• [Data section]:
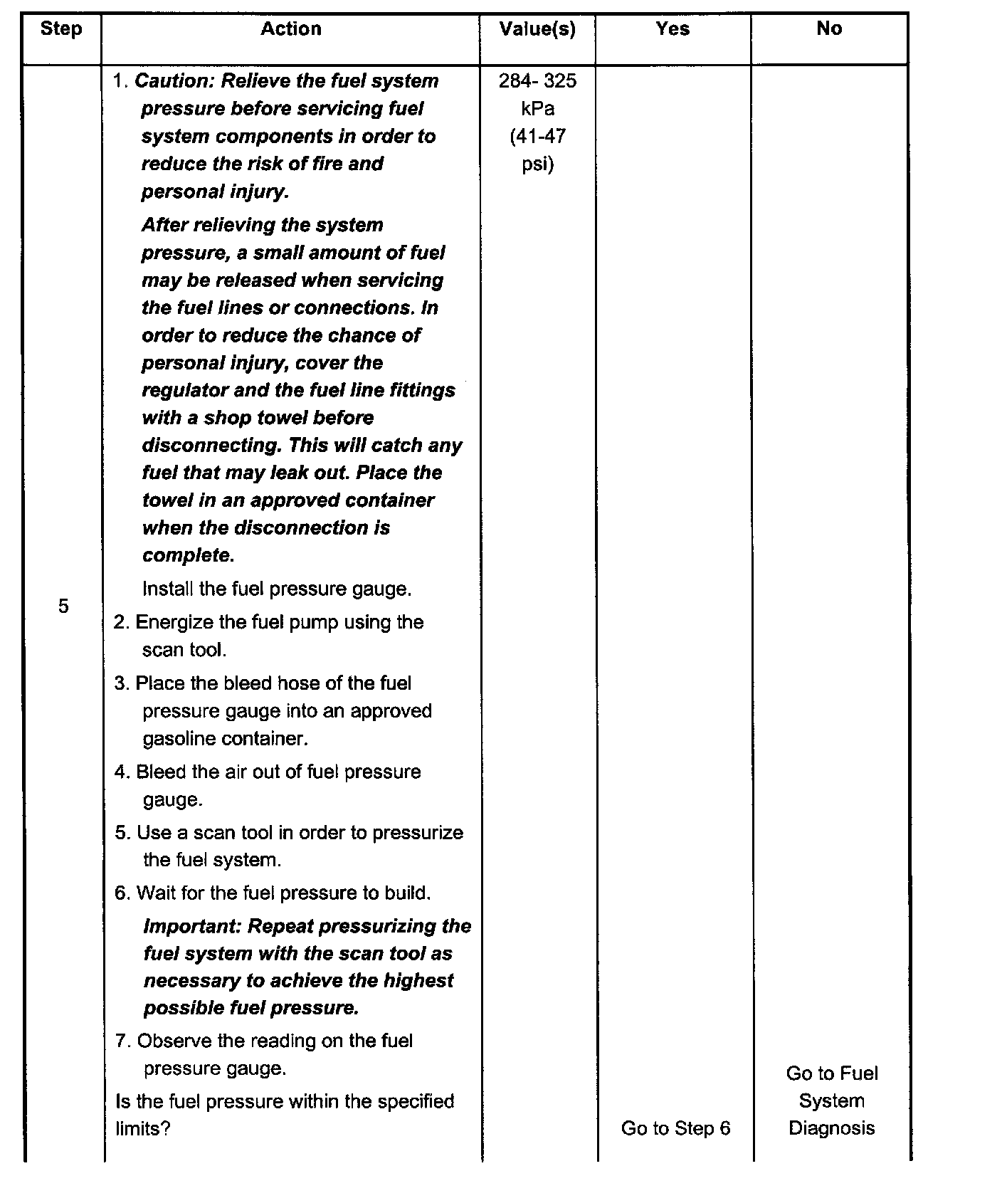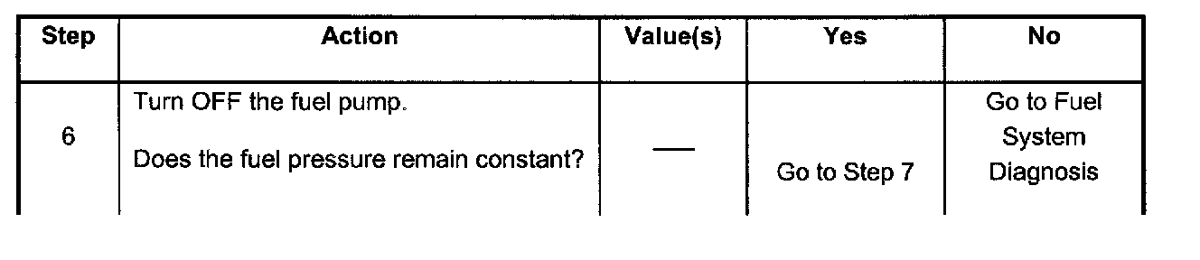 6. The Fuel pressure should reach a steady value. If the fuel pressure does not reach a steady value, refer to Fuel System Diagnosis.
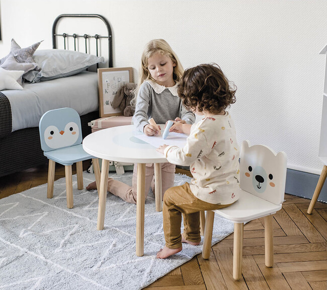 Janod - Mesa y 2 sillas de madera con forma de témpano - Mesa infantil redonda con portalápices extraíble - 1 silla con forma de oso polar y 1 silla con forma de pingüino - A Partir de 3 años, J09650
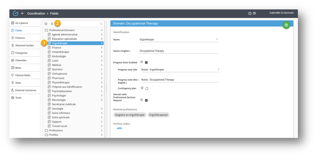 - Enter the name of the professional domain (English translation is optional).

• [Task]:
Without the pictures, copy the material exactly as given.

• [Answer area]:
 6. The Fuel pressure should reach a steady value. If the fuel pressure does not reach a steady value, refer to Fuel System Diagnosis.
 Janod - Mesa y 2 sillas de madera con forma de témpano - Mesa infantil redonda con portalápices extraíble - 1 silla con forma de oso polar y 1 silla con forma de pingüino - A Partir de 3 años, J09650
 - Enter the name of the professional domain (English translation is optional).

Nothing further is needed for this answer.